Nada melompat dari duduknya. "Arsya bangun, "katanya, "Sebentar, ya."
"Aku ingin lihat keponakanku, "tukas Banu mengikuti kakaknya.

Melihat ibunya datang, Arsya menghentikan tangisnya yang membahana dan menggantinya dengan isakan sedu sedan. Nada memeriksa celana bayinya. "Ganti dulu, ya, "ujarnya sambil melepas celana bayi sembilan bulan itu.
"Sudah bisa duduk, Mbak?" Banu memperhatikan wajah kemenakannya yang mirip ibunya.
"Bisa, malah sedang belajar jalan, "jawab Nada merapikan pakaian anaknya. "Eh, Oom mau lihat Arsya duduk."
"Na...na..., "ujar Arsya tertawa seraya bertepuk tangan. Banu tertawa geli karena kedua telapak tangan itu sama sekali tidak bertemu.
Nada memegang tangan anaknya. "Begini, lho caranya tepuk tangan...nah, bisa kan?"
"Naa..ta...ta...."
"Lucu sekali, Mbak."
"Iya, waktu lihat Arsya lahir, Mbak jadi lupa rasa sakitnya waktu melahirkan."
"Memang sakit sekali, ya?"
"Pokoknya belum pernah yang rasanya seperti itu."
"Padahal prosesnya nggak sakit, ya, Mbak?"
Nada membelalak pura-pura marah. Banu tertawa.
"Mbak. boleh aku tanya?" kali ini pemuda itu memasang tampang serius.
"Selama ini...maaf, apa pernah Tantra menyakitimu...misalnya, menampar atau memukul...?"
Nada menggeleng. "Tidak, kalau ia melakukannya, pasti Mbak langsung masuk rumah sakit. Kamu lihat badan Mbak kecil begini."
"Padahal dulu dia jago berkelahi."
"Mbak merasa suami Mbak itu lebih banyak mengalah. Ia sering minta maaf lebih dulu kalau kami bertengkar."
"Pasti dia juga suka memandikan Arsya, ya?"
"Iya, kalau pas libur."
Sebenarnya Banu ingin menanyakan yang satu lagi tetapi khawatir kakaknya tersinggung.

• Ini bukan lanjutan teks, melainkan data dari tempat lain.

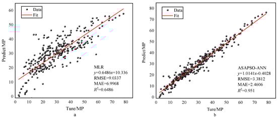 Results of regression analysis of two models: (a) for MRL and (b) for ASAPSO-ANN.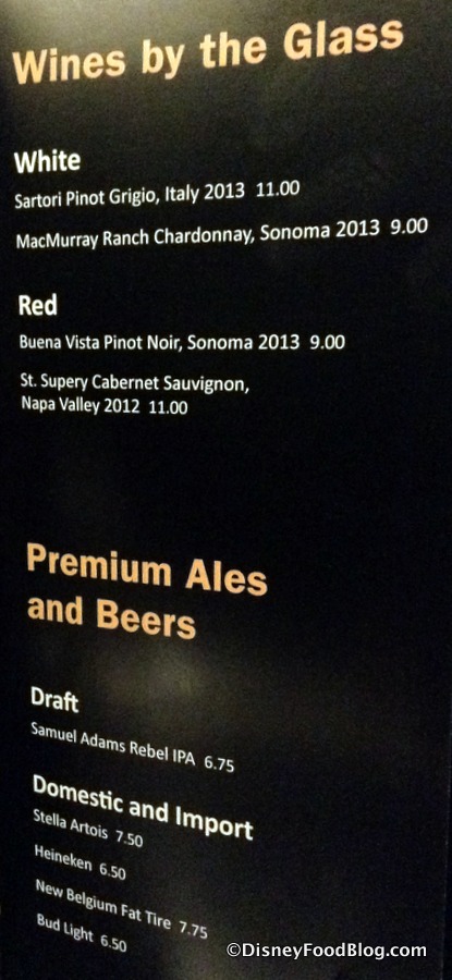Beverage options include beer and wine.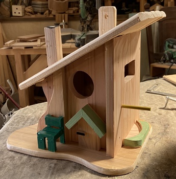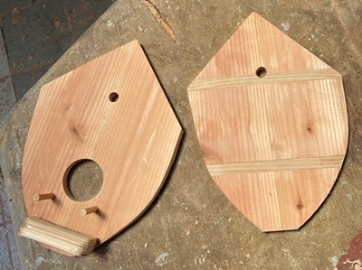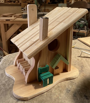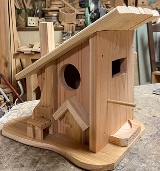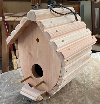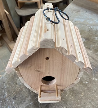 材は殆どが端材ハコからかき集め。 棒状の端切れ揃えて、ぐるっとくるむ。 20cmほどの高さの小屋で、 出入り口は表側だけ。 枝につるすことを想定した形だけど、 底も4cmほど平ら部分を作っておく。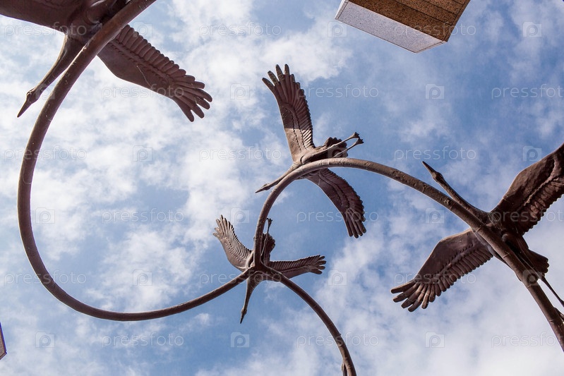 Мемориал журавлей и вечный огонь на Аллее славы. Памятник летчикам, погибшим в боях за небо над Москвой. г. Видное Ленинского района Московской области 2023 г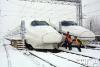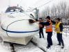 2018年1月4日,中國鐵路上海局集團公司合肥南動車運用所內,職工正在為即將上線運行的動車組進行掃雪除冰。(央廣網發 謝冰飛攝) -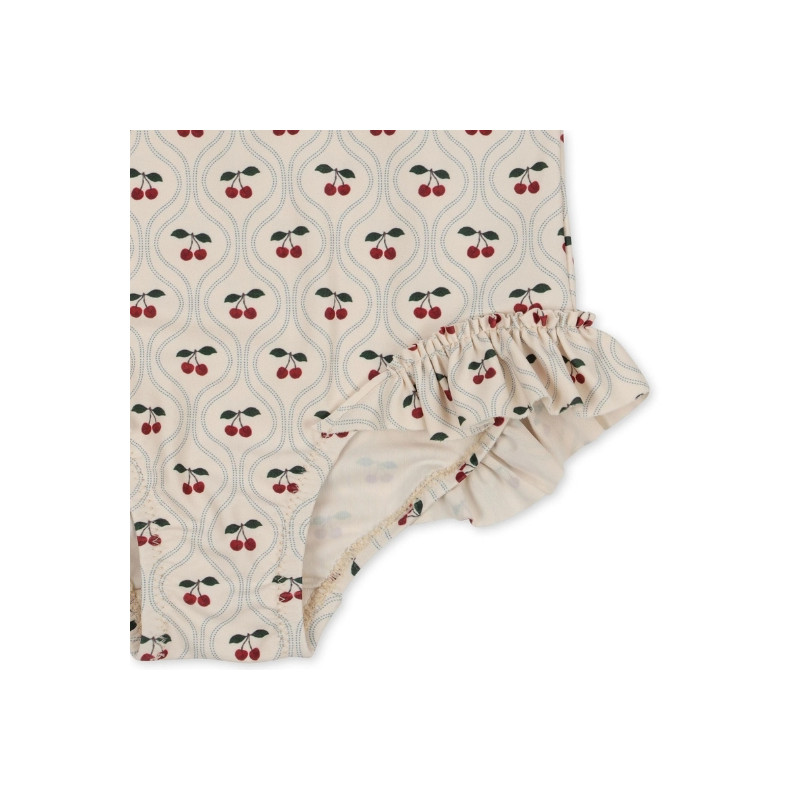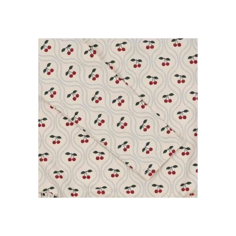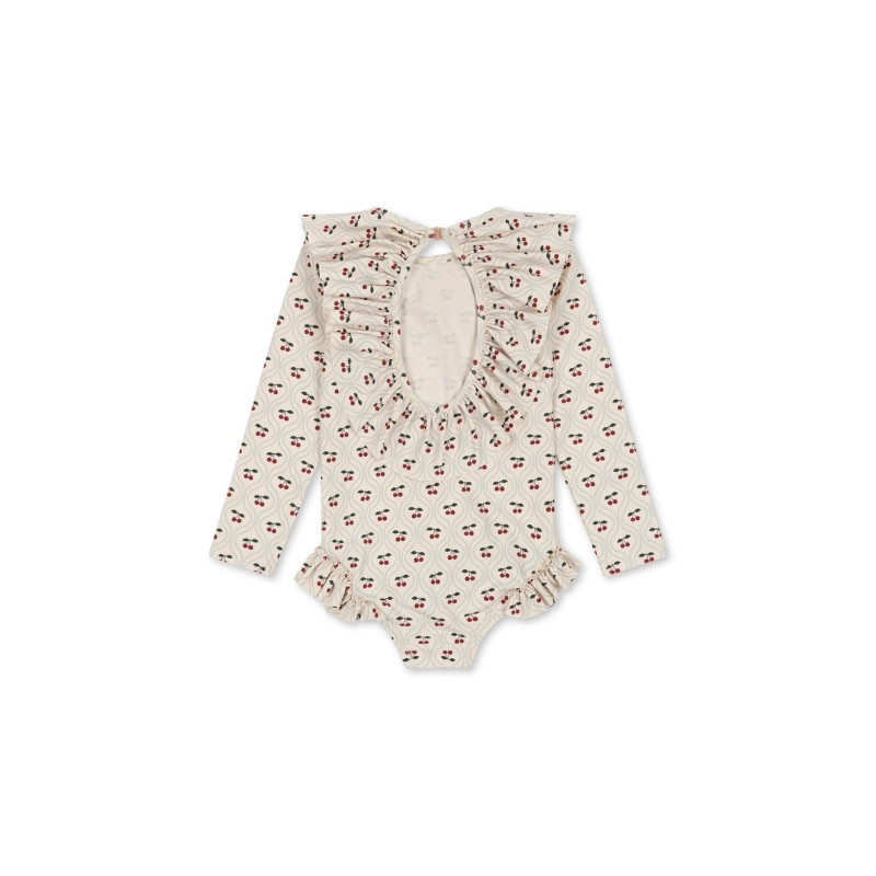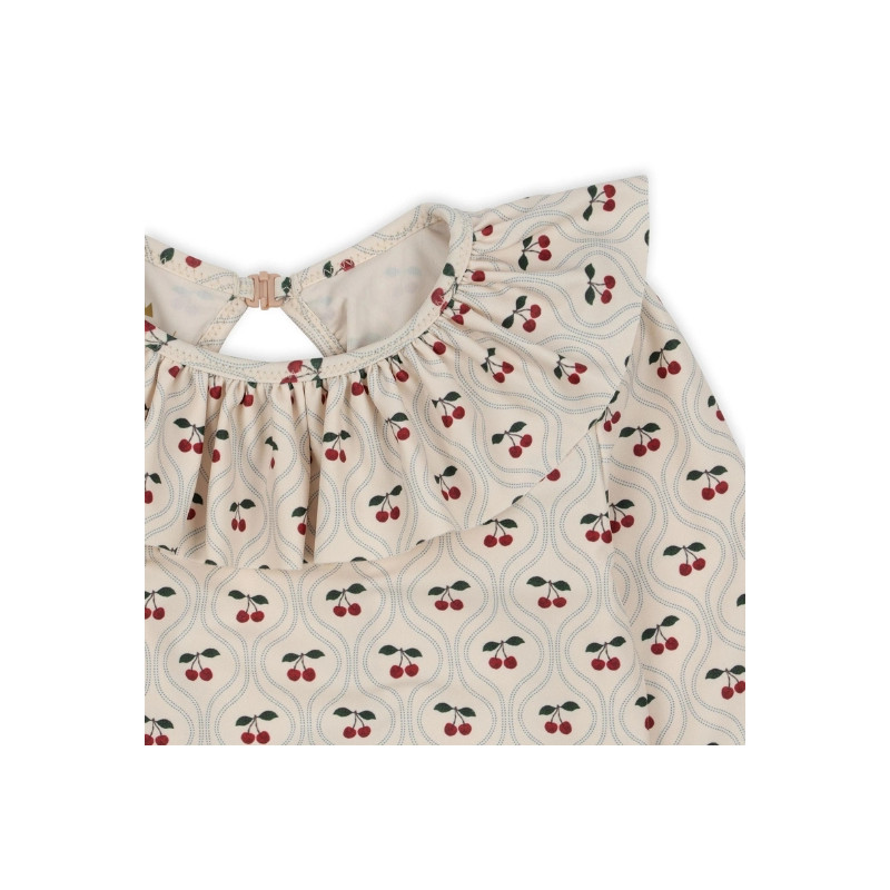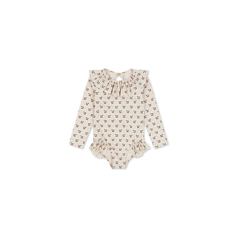 Le maillot de bain à manches longues de Konges Slojd est conçu pour offrir une protection optimale et un style charmant à votre bébé. Il se distingue par son imprimé délicat de petites cerises rouges sur un fond beige avec des motifs ondulés. Le col et les ouvertures des jambes sont ornés de volants qui ajoutent une touche de féminité et d'élégance.

Semua jelas sudah. Ternyata itulah alasan Lisa rela bahkan mendesak suaminya untuk menikah lagi. Danar menutup wajah dengan kedua tangannya seraya menghela napas. Betapa tak dapat ia menghapus penyesalannya tak peduli bagaimanapun kerasnya ia berusaha. Sebab, memang terlalu banyak kesalahan yang kulakukan pada Lisa, keluhnya dalam hati.

"Jadi....?"
Lisa mengangguk pelan.
"Tapi... dokter Ratih...."
"Aku yang memintanya untuk tidak menyinggung hal ini. Dia samasekali tidak berbohong."
"Memang tidak. Tapi dia menyembunyikan kebenaran."
"Jangan salahkan dia, Mas, aku yang memaksanya."
"Dia jujur tentang satu hal."
"Apa itu?"
"Dia sedang melakukan terapi untuk memulihkan kondisimu."
Lisa tersenyum, "Dia benar, "tukasnya.
"Tapi, apa gunanya terapi itu kalau...."
"Sudahlah, "Lisa tersenyum lembut, "Kalau Mas menikah lagi dan kalian punya anak-anak, pasti aku juga akan menganggap mereka seperti anak kandung sendiri."

Danar menggeleng keras. Demi Tuhan! Ya, Allah! Apa yang telah ia lakukan?! Lisa, istrinya terpaksa menjalani operasi pengangkatan rahim akibat kebiadabannya. Wanita itu bahkan mengurus semuanya seorang diri tanpa sepengetahuan suaminya. Tunggu dulu, bukan tanpa sepengetahuan, tetapi karena memang ia tak peduli. Bukankah dulu tim dokter pernah menyodorkan tanda tangan persetujuan operasi? Operasi apa itu, ia tak mau tahu. Bahkan, seandainya nyawa istrinya melayang di tengah-tengah operasi sekalipun.
Pantas, pantas saja adik Tantra itu begitu membenciku, pikir laki-laki itu getir. Sampai saat ini jika mereka berpapasan, Rafa segera menunduk alias pura-pura tidak melihat. Kalaupun terpaksa, maka gadis itu akan bersikap kuda-kuda siaga seolah-olah akan melakukan penyerangan.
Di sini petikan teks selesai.